Kava kava z samogonem, czyli odkrywanie wysp szczęśliwych po naszemu.

Pomysły na poprawę smaku bimbru, przepisy smakowe, domowe sposoby na wyrób markowych wódek...

Autor tematu
Fiflak
450
Posty: 468
Rejestracja: wtorek, 27 wrz 2011, 11:37
Krótko o sobie: Spokojny i uczynny ze mnie chłop.
Ulubiony Alkohol: łiskacz domowy
Status Alkoholowy: Bimbrownik
Lokalizacja: Wschodnie Mazowsze
Podziękował: 12 razy
Otrzymał podziękowanie: 76 razy

Post autor: Fiflak »

Po naszemu, tzn. tak, jak czyni to porządny polski bimbrownik.
Będę używał jednego słowa kava, ponieważ te, za przeproszeniem, jąkane języki z tropikalnych wysp Pacyfiku mnie przerastają swoją odmiennością i nie wiem również, jak takie powtarzańce należałoby prawidłowo odmieniać.
Przechodząc do rzeczy;
Konkretnie użyłem poniżej podlinkowanej odmiany:
https://www.magicznyogrod.pl/kava_kava_ ... nuatu.html
Pieprzu metystynowego dotychczas nie znałem.

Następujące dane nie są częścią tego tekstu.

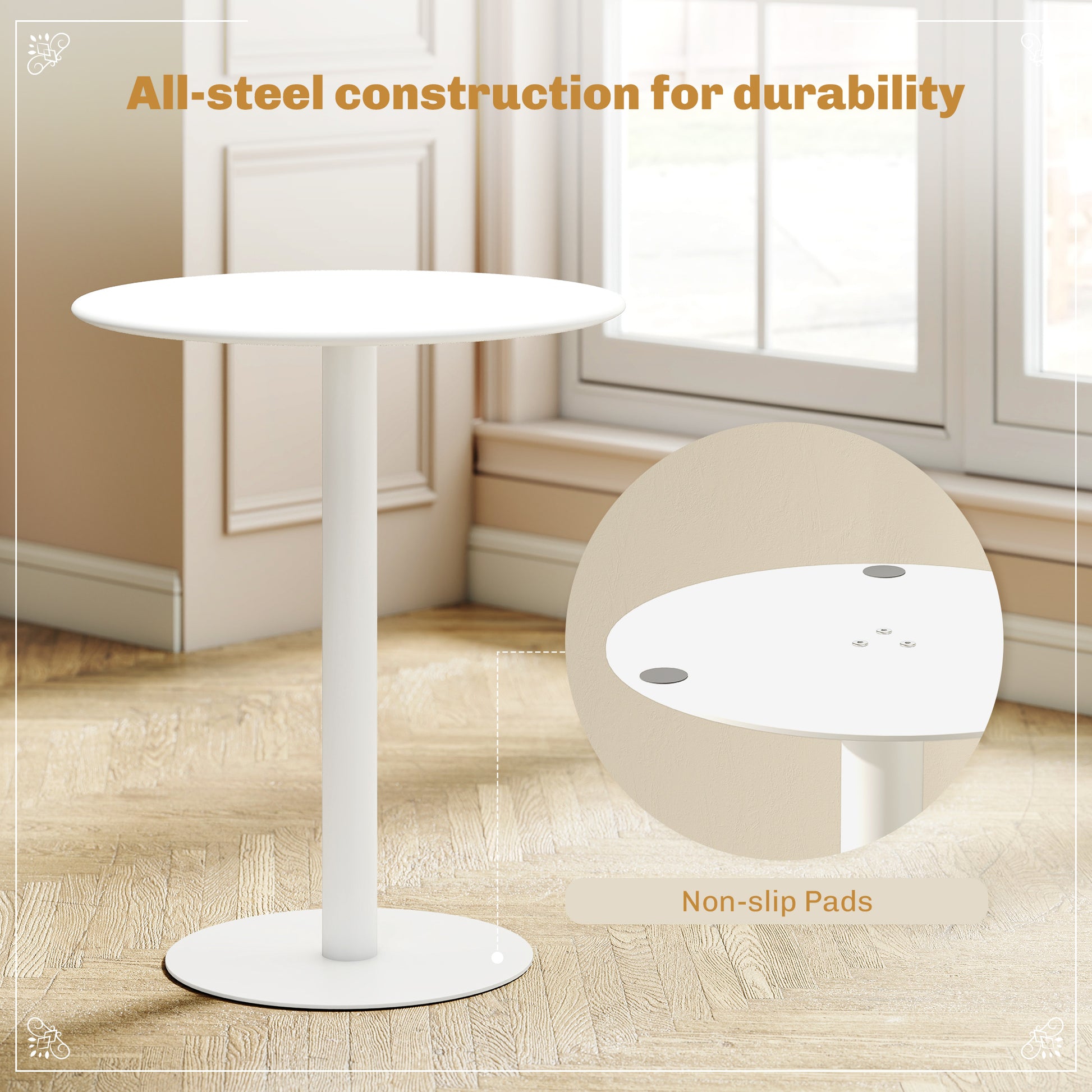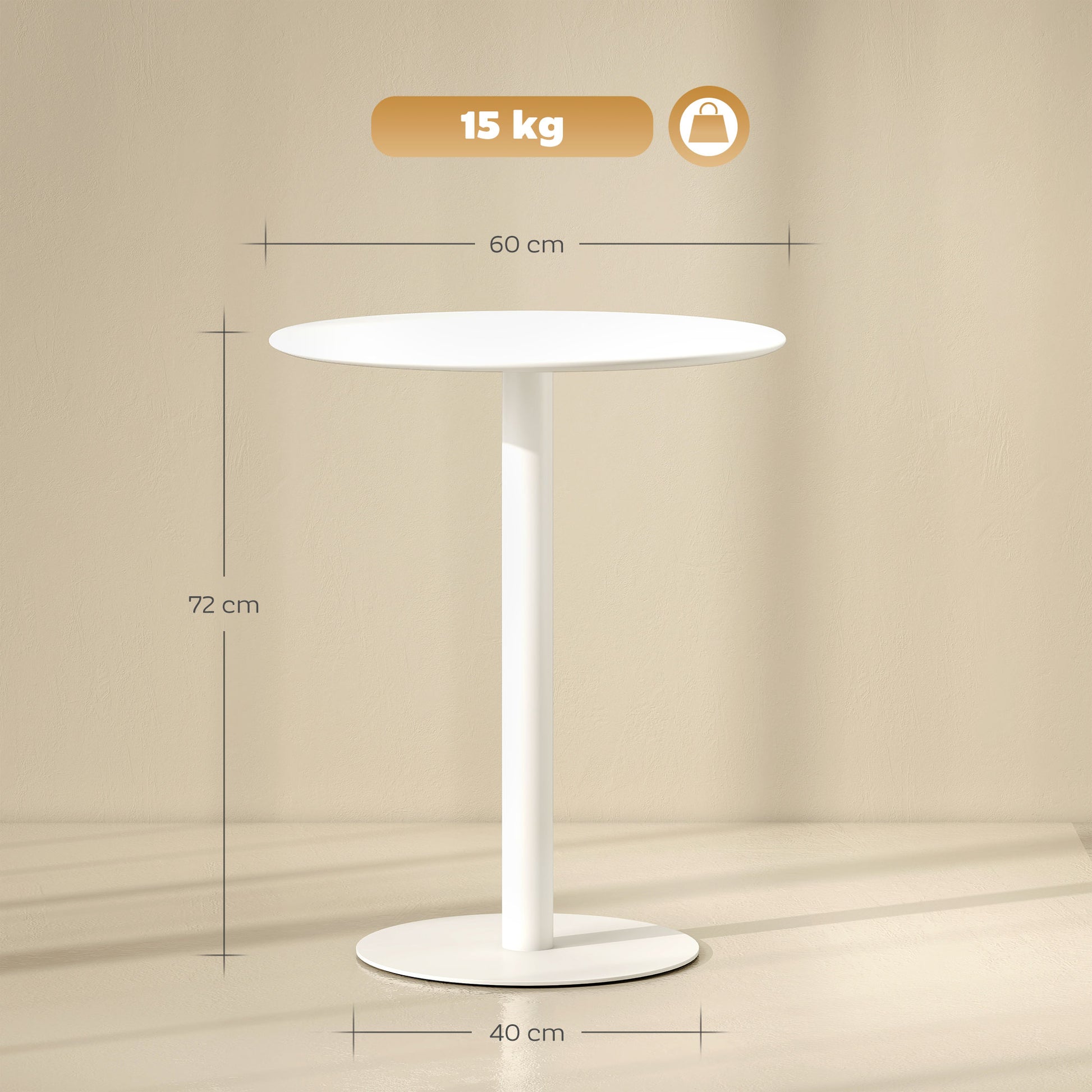 Discover the charm of compact dining with the HOMCOM Kitchen Table. Great for snug spaces and intimate meals, this 60 cm round dining table fits two comfortably—great for balconies or cosy cafes. Crafted from robust steel, it ensures stable support while its sleek, matte white finish adds a touch of modern elegance to any setting, indoors or out.

Stanowił dla mnie całkowitą niewiadomą. Pozytywnie zaskoczył mnie w postaci, że tak powiem, jako zakazany napój bezalkoholowy.
Darowałem sobie zupełnie tradycyjną procedurę z pacyficznych wysp.
Zmielony korzeń wsypałem do trzech filtrów papierowych:
https://www.kawaherbatasklep.pl/filtry- ... t-176.html
Wychodzi około 16 gram proszku na porcję. Moja metoda sporządzania kavy wygląda następująco.
1. Wlać do dzbanka 1,5 litra przegotowanej wody.
2. Umieścić torebkę w dzbanku, gdy temperatura wody, w nim się znajdującej, spadnie poniżej 40°C.
3. Poczekać 12 godzin.
4. Ostrożnie wyjąć filtr z namoczonym ziołem i umieścić go w szklanym słoju z samogonem.
5. Włączyć ulubioną relaksacyjną muzykę i napić się kavy. Mi posmakowała.
Lekka goryczka przywołuje dalekie skojarzenie z piwem w irlandzkim stylu.
6. Uzbroić się w cierpliwość i poczekać, aż procentowa kavowa nalewka dojrzeje.
Obecna bazuje na shochu, mniej więcej 65% mocy. Kavalaktony, praktycznie nierozpuszczalne w wodzie, wyciągnę z korzenia za pomocą bimbru.
Cóż za niestandardowe łączenie kultur.
Poniżej kilka zdań o kavalaktonach;
https://kavaha.pl/blog/nauka/kavalakton ... kava-kava/
Związki te, podobnie jak kannabinoidy, można wypłukać z roślinnego surowca za pomocą etanolu. Dlatego ze spokojem oczekuję na Wielkanoc. Wówczas planuję degustację nalewki. Maceracja rozpoczęła się w Środę Popielcową. Dzięki temu napój uzyska wymiar duchowy, niejako metafizyczny. Żeby nikt mi nie zarzucił, iż tylko żłopię alkohole wszelakie bez wyższych emocji.
koncentraty wina
ODPOWIEDZ

Wróć do „Przepisy smakowe”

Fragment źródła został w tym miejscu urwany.